- **Exercise instructions**
Starting at the first line of the entries below, please return exactly each line up to and including the one with "杜鐘新奧神氨綸公司總經理張斌"; pictures stay out.

Stored items
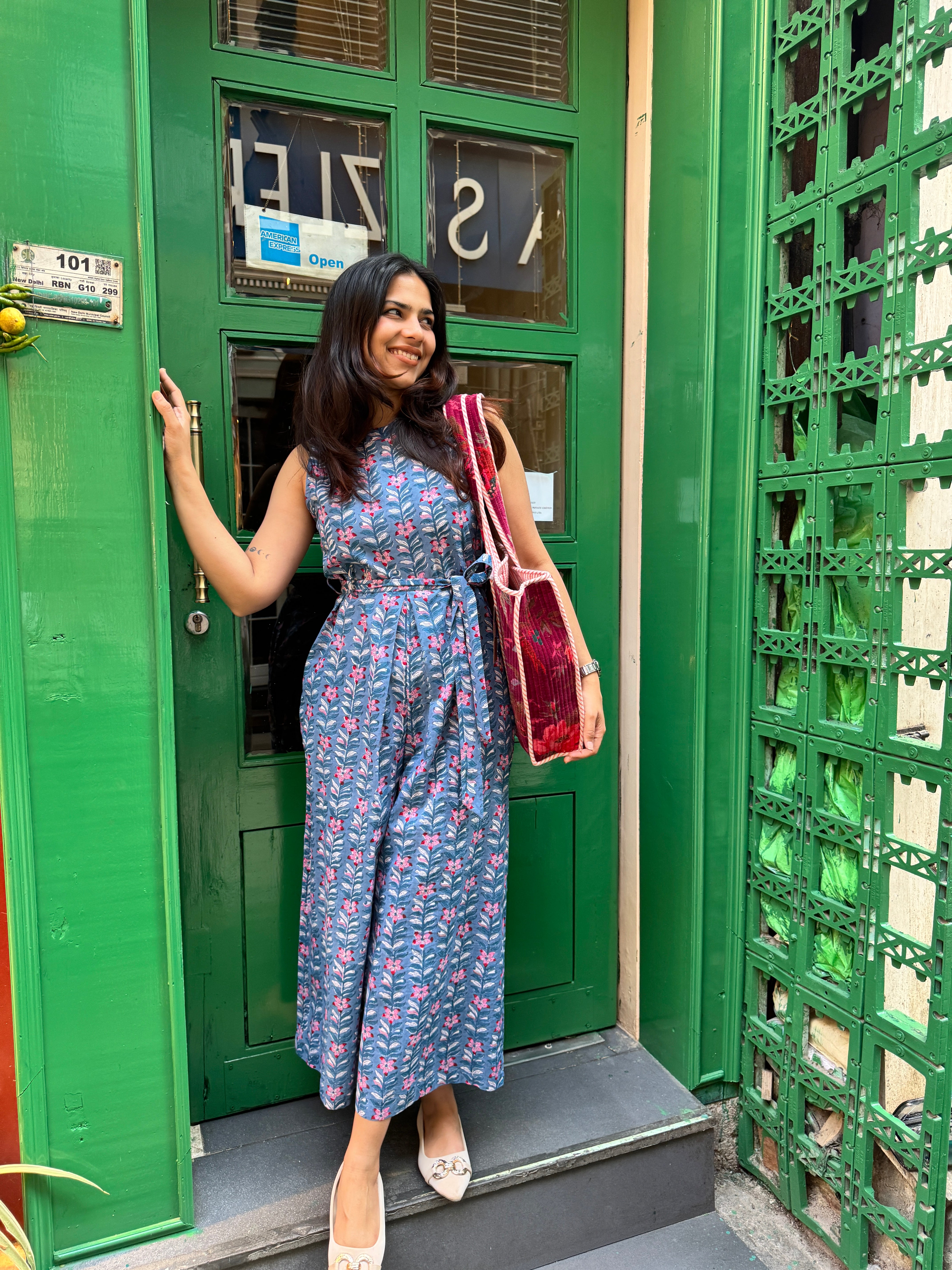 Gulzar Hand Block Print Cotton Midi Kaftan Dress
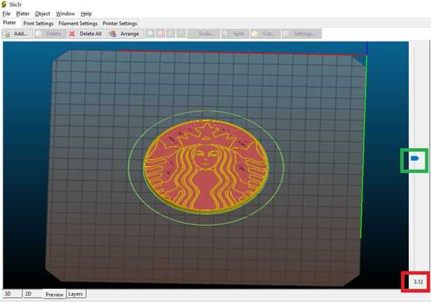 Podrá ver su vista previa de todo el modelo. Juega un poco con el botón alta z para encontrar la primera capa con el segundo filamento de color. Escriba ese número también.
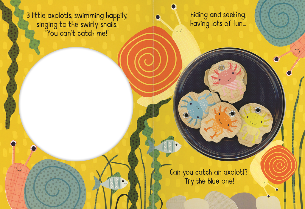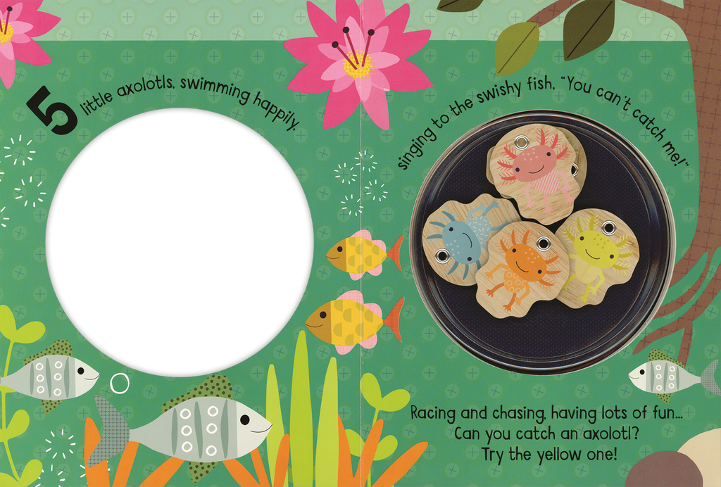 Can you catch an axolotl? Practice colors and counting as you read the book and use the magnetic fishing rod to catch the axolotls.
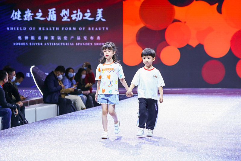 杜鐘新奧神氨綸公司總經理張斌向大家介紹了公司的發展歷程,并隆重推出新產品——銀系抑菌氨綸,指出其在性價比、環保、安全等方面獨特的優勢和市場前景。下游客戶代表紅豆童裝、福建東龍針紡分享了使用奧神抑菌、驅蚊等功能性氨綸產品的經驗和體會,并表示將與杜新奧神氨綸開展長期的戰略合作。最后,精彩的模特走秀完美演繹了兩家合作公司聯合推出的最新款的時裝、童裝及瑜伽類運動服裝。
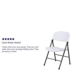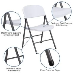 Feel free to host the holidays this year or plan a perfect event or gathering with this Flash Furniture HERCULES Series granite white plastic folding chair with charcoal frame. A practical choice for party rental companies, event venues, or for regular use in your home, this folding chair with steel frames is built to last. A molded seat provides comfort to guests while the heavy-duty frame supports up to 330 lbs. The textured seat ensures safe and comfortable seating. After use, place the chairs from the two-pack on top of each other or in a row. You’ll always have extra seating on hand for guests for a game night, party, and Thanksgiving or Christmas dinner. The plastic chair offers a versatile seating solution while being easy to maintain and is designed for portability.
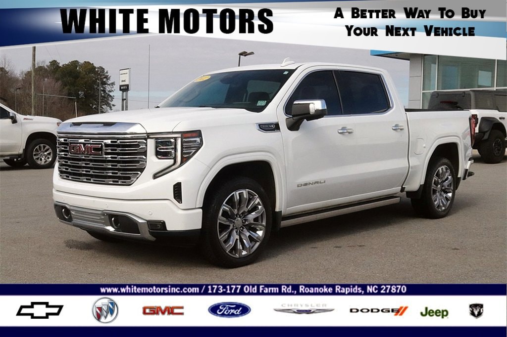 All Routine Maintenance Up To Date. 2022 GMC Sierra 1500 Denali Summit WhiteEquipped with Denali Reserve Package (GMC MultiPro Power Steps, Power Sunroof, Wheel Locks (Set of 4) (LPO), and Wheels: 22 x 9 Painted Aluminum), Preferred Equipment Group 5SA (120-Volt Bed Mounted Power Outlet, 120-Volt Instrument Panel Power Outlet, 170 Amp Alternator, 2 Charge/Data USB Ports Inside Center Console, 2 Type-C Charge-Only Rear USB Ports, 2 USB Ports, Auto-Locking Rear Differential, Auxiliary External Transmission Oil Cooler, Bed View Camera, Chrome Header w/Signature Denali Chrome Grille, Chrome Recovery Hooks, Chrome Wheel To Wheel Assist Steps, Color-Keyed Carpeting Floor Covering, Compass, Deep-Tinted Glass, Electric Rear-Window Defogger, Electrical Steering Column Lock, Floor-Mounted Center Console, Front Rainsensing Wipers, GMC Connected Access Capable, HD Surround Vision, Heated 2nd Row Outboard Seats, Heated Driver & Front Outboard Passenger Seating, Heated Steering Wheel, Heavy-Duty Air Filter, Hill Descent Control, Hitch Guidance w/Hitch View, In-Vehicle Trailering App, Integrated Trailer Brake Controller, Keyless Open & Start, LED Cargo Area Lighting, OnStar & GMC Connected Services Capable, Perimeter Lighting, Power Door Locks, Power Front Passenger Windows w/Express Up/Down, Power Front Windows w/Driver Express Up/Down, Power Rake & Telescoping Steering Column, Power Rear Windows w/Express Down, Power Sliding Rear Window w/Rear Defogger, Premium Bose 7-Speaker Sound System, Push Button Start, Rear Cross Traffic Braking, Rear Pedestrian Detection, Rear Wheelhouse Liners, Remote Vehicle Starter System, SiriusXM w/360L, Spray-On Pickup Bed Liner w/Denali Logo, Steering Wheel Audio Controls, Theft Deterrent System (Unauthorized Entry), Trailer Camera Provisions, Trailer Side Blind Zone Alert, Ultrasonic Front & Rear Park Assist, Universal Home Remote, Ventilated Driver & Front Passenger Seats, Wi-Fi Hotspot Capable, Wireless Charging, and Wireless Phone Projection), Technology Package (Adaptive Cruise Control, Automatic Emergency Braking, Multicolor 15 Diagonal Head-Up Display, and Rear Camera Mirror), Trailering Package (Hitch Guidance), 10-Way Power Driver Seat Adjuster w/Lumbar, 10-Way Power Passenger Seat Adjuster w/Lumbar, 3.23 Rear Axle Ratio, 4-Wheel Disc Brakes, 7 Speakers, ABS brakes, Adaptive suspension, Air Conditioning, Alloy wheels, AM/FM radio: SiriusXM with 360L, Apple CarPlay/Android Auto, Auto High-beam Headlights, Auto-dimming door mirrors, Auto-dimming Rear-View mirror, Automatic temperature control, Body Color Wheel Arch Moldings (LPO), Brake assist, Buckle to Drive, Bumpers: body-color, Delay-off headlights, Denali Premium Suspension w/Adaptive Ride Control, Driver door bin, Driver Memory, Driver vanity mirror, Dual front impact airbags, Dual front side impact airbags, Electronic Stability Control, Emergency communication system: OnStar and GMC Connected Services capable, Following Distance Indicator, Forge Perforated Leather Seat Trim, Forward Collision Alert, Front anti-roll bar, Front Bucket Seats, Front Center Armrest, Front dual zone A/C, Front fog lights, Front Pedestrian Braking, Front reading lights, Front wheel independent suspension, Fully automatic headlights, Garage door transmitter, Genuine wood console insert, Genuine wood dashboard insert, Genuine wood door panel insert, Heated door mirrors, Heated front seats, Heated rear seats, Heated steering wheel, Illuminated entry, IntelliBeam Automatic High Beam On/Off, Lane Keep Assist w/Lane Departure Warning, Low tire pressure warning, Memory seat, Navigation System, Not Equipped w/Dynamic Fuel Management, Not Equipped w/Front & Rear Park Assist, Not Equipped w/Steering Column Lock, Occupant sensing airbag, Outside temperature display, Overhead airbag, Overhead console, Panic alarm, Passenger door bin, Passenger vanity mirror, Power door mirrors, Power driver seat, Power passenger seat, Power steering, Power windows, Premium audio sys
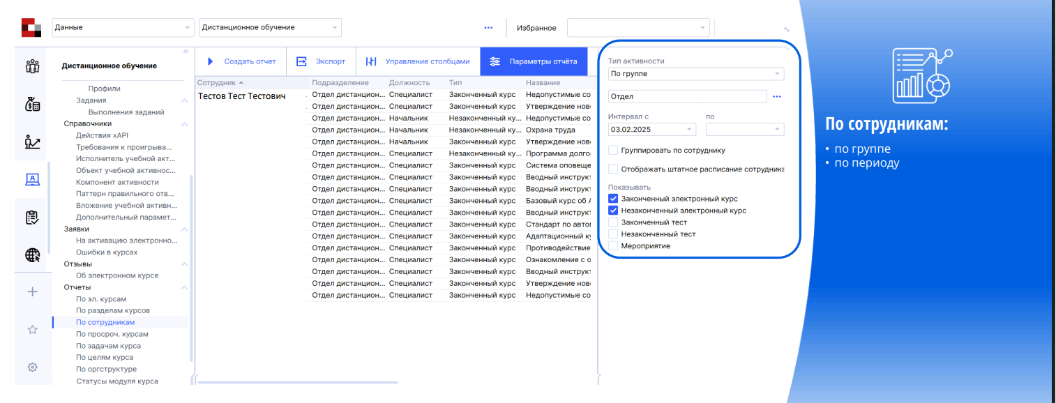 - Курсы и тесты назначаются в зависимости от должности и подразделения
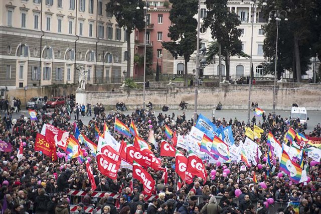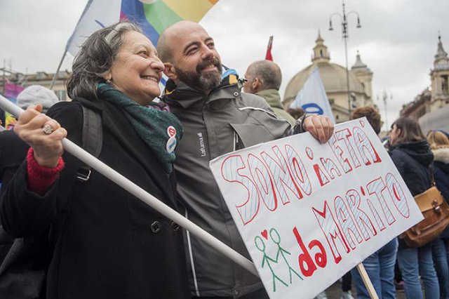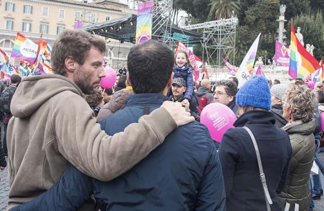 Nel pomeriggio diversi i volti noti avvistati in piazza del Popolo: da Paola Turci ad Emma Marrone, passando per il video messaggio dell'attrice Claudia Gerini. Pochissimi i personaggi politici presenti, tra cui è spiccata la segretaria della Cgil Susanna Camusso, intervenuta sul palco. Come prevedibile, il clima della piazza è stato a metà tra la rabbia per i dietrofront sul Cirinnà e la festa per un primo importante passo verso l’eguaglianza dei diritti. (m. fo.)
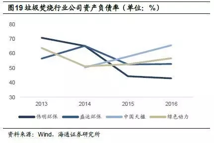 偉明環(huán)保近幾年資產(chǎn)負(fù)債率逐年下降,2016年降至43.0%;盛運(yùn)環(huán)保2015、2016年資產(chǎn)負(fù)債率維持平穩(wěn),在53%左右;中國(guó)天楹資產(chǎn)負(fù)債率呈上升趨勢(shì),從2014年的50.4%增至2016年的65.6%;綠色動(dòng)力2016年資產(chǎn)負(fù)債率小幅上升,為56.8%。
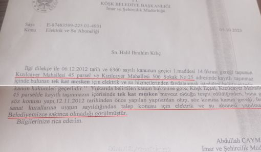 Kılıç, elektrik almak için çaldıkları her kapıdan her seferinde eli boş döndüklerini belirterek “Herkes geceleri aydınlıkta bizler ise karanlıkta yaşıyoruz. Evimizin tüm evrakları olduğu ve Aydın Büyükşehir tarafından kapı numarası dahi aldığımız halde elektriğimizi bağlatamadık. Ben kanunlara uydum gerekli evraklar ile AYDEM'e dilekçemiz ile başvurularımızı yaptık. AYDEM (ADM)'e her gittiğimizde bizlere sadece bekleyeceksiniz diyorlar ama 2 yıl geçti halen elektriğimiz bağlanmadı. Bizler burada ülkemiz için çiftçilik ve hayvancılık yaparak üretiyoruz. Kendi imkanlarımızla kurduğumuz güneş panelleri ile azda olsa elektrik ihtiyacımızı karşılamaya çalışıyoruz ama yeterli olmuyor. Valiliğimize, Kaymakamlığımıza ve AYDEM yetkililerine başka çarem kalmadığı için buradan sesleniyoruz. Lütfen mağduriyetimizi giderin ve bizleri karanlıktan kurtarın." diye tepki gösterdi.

- **Output for this task**
 Gulzar Hand Block Print Cotton Midi Kaftan Dress
 Podrá ver su vista previa de todo el modelo. Juega un poco con el botón alta z para encontrar la primera capa con el segundo filamento de color. Escriba ese número también.
 Can you catch an axolotl? Practice colors and counting as you read the book and use the magnetic fishing rod to catch the axolotls.
 杜鐘新奧神氨綸公司總經理張斌向大家介紹了公司的發展歷程,并隆重推出新產品——銀系抑菌氨綸,指出其在性價比、環保、安全等方面獨特的優勢和市場前景。下游客戶代表紅豆童裝、福建東龍針紡分享了使用奧神抑菌、驅蚊等功能性氨綸產品的經驗和體會,并表示將與杜新奧神氨綸開展長期的戰略合作。最后,精彩的模特走秀完美演繹了兩家合作公司聯合推出的最新款的時裝、童裝及瑜伽類運動服裝。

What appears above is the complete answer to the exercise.